What PCI compliance level does a B2B ecommerce site need?
Most B2B ecommerce sites fall under PCI DSS Level 3 or 4, which require completing a Self-Assessment Questionnaire (SAQ) rather than a full audit. If you process over 1 million card transactions per year, you move to Level 2 (requiring an approved scanning vendor). Using a hosted payment gateway (Stripe, Adyen, Braintree) keeps card data off your servers entirely — reducing your PCI scope to the lightest SAQ-A category.
How do I handle ACH payments for B2B ecommerce?

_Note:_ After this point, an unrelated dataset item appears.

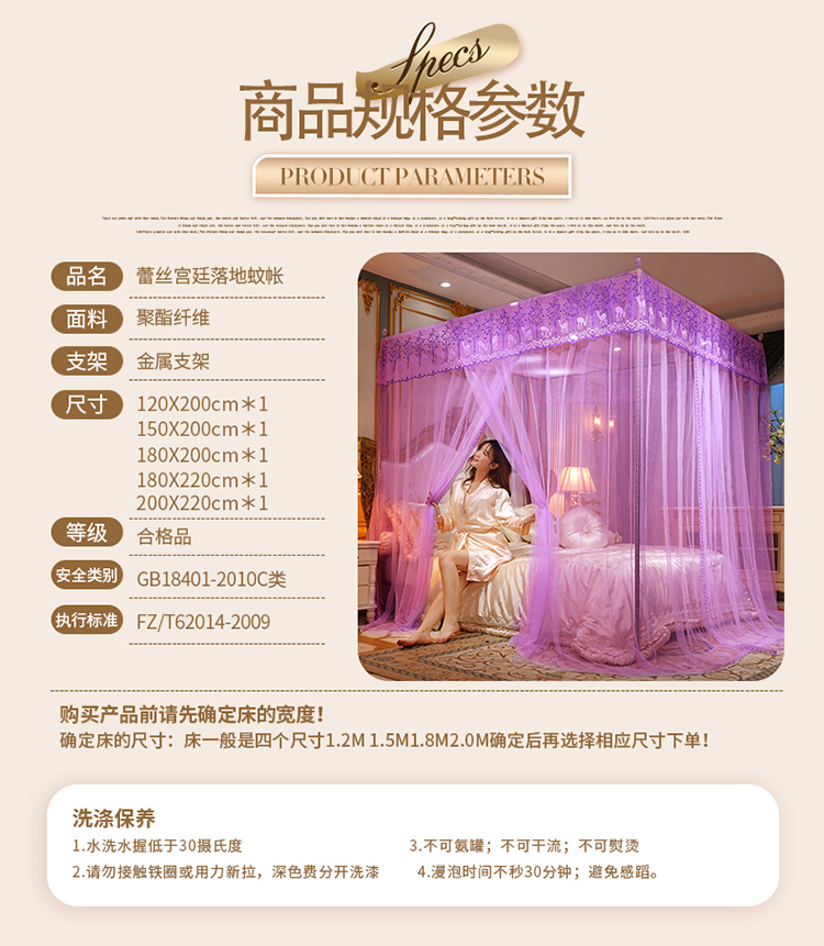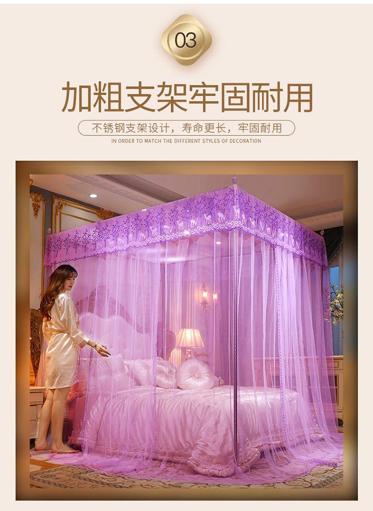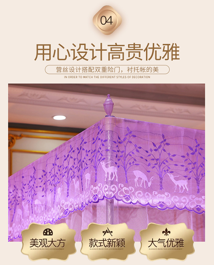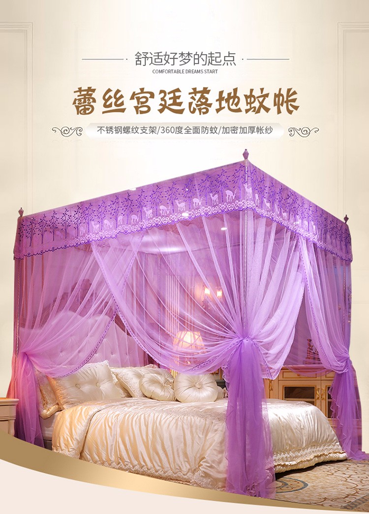 当前位置: 91家纺网 > 商品网购 > 床上用品 > 蚊帐 > 宫廷蚊帐 > 迷仙巢2022新款蕾丝宫廷落地蚊帐-C20小鹿情缘紫色

ACH (Automated Clearing House) transfers are the preferred rail for large B2B invoices — typically used for orders above $10,000. Enable ACH through your payment gateway (Stripe supports ACH Direct Debit and Credit; Adyen supports ACH Credit Push). Require buyers to verify their bank account via micro-deposits or instant bank verification (Plaid integration). ACH costs 0.5–1% versus 2–3% for card processing, making it significantly cheaper for large transactions.
How long does B2B payment processing take?
Card payments settle in 1–3 business days. ACH transfers take 1–3 business days for verification and 1–2 additional days for settlement — total 2–5 business days. Wire transfers are same-day or next-day but cost $15–$35 per transaction. Real-time payment rails (RTP via The Clearing House) settle in seconds but are limited to $1 million per transaction and not yet universally supported by enterprise banks.
How does SyncGTM help with B2B payment workflows?
SyncGTM enriches the buyer record at the point of payment — when a purchase order or invoice is created, SyncGTM can layer in verified contact data, job title, company firmographics, and buying signals on the account. This lets your finance and sales teams move from transaction records to actionable outreach data without manual research. High-value accounts that pay regularly become prioritized targets for upsell and expansion sequences.